FACT Plus: Afternoon Session — 2:30 PM to 4:30 PM on the same day. Both exams are at NFSU Delhi Campus (LNJN NICFS), Ministry of Home Affairs. This guide covers the critical 72-hour window. Read it fully.
Three days is all you have left. This isn't the time to learn new topics — it's time to consolidate, recall, and sharpen. Aspirants who perform exceptionally in the final stretch are those who stop accumulating information and start retrieving it. This guide tells you exactly what to do, hour by hour, across Day 3 (27 May), Day 2 (28 May), and Day 1 (29 May), so that on Day 0 — 30 May — you walk into that examination hall in command.
The Forensic Aptitude and Calibre Test (FACT), administered by NFSU Delhi Campus (LNJN NICFS) under the Ministry of Home Affairs, consists of 120 MCQs — 50 in Section A (Forensic Aptitude, compulsory) and 70 in Section B (your chosen elective). There is no negative marking, which means every unattempted question is a lost mark. You must attempt all 120.
Day 3 is your last full-intensity study day. The goal is to get every major topic under your belt through rapid revision — not deep study. Go wide, not deep. Cover everything once.

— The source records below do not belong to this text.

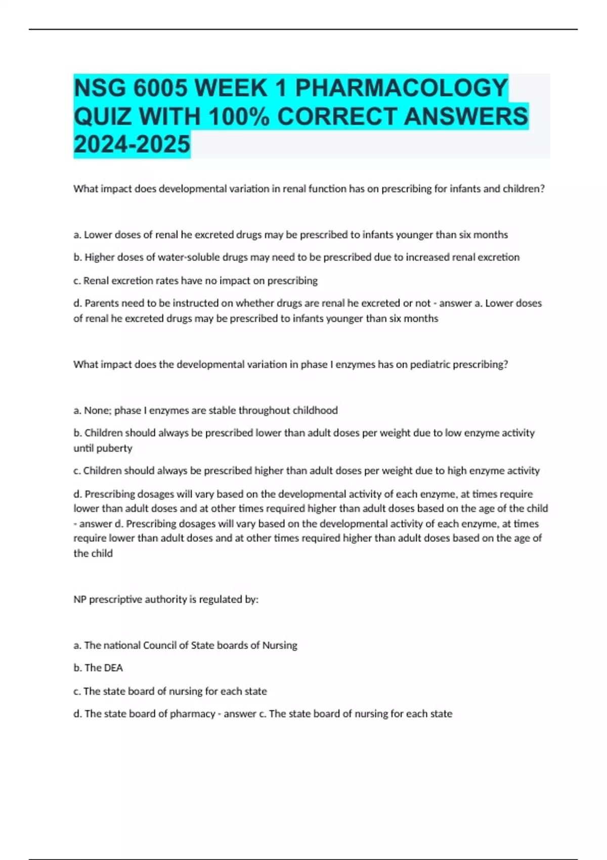 What impact does developmental variation in renal function has on prescribing for infants and children? a. Lower doses of renal he excreted drugs may be prescribed to infants younger than six months b. Higher doses of water-soluble drugs may need to be prescribed due to increased renal excretion c. Renal excretion rates have no impact on prescribing d. Parents need to be instructed on whether drugs are renal he excreted or not a. Lower doses of renal he excreted drugs may be prescribed to infants younger than six months What impact does the developmental variation in phase I enzymes has on pediatric prescribing? a. None; phase I enzymes are stable throughout childhood b. Children should always be prescribed lower than adult doses per weight due to low enzyme activity until puberty c. Children should always be prescribed higher than adult doses per weight due to high enzyme activity d. Prescribing dosages will vary based on the developmental activity of each enzyme, at times require lower than adult doses and at other times required higher than adult doses based on the age of the child d. Prescribing dosages will vary based on the developmental activity of each enzyme, at times require lower than adult doses and at other times required higher than adult doses based on the age of the child Brainpower Read More Previous Play Next Rewind 10 seconds Move forward 10 seconds Unmute 0:00 / 0:15 Full screen NP prescriptive authority is regulated by: a. The national Council of State boards of Nursing b. The DEA c. The state board of nursing for each state d. The state board of pharmacy c. The state board of nursing for each state The FDA regulates: a. Prescribing of drugs by doctors of medicine (MD) and NPs b. The official labeling for all prescriptions and over-the-counter drugs c. Off label recommendations for prescribing d. Pharmaceutical educational offerings b. The official labeling for all prescriptions and over-the-counter drugs Lisa is breast-feeding her two-month-old son, and she has an infection that requires an antibiotic what drug factors influence the effect of the drug on the infant? a. Maternal drug levels b. Half-Life c. Lipid solubility d. All of the above d. All of the above Drugs that are absolutely contraindicated in lactating women include: a. Selective serotonin reuptake inhibitors b. Antiepileptic drugs such as carbamazepine c. Anti-neoplasm of drugs such as methotrexate d. All of the above d. All of the above The DEA: a. Registers manufacturers and prescribes controlled substances b. Regulates NP prescribing At the state level c. Sanctions providers who prescribe drugs off label d. Provides prescribers with a number they can use for insurance Billing a. Registers manufacturers and prescribes c
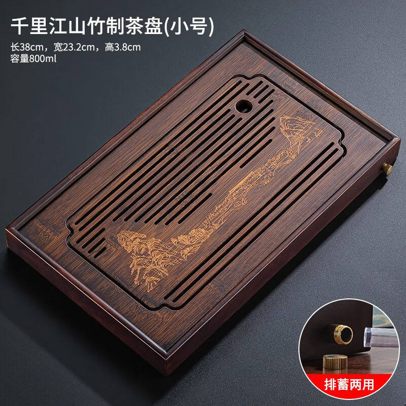 正扬竹制功夫茶盘托盘家用茶具套装茶台长方小号蓄排两用简约办公
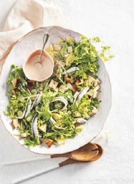 INGREDIËNTEN VOOR DE DRESSING 4 el Griekse yoghurt 0% vet ● 2 el yogonaise ● ¼ teentje knoflook, geraspt ● 1 tl Dijonmosterd ● 1 el citroensap ● 2 ansjovisfilets, fijngehakt ● 1-2 el olijfolie ● peper en zout

| Time | Activity | Type |
|---|---|---|
| 6:00 – 7:00 AM | Light walk / exercise. Eat a good breakfast. No screens. | Reset |
| 7:00 – 9:30 AM | Revise Section A: Crime Scene + BNS/BNSS/BSA sections | Revise |
| 9:30 – 10:00 AM | Short break. Hydrate. 5-min flashcard review. | Break |
| 10:00 AM – 12:30 PM | Revise Section A: Analytical techniques, Microscopy, Statistics | Revise |
| 12:30 – 1:30 PM | Lunch break. Lie down for 20 min. No study. | Lunch |
| 1:30 – 4:00 PM | Section B Elective — First half of topics. Make 1-page summaries. | Elective |
| 4:00 – 4:30 PM | Tea break + quick walk outside | Break |
| 4:30 – 7:00 PM | Section B Elective — Second half of topics. Complete your 1-page summaries. | Elective |
| 7:00 – 8:00 PM | Dinner. Relax. No heavy content. | Rest |
| 8:00 – 9:30 PM | Attempt one full mock MCQ set (120 Qs, 2 hrs — timed). Review errors only. | Mock Test |
| 9:30 – 10:00 PM | Write down 10 weak points on a sticky note. Sleep by 10:30 PM. | Recall |
Day 2 is for surgical precision. Attack your 10 sticky-note weak spots from yesterday. Then, do a deep dive into the legislative and legal framework — this is consistently the highest-yield area in FACT Section A and is pure memorisation with no lab work needed.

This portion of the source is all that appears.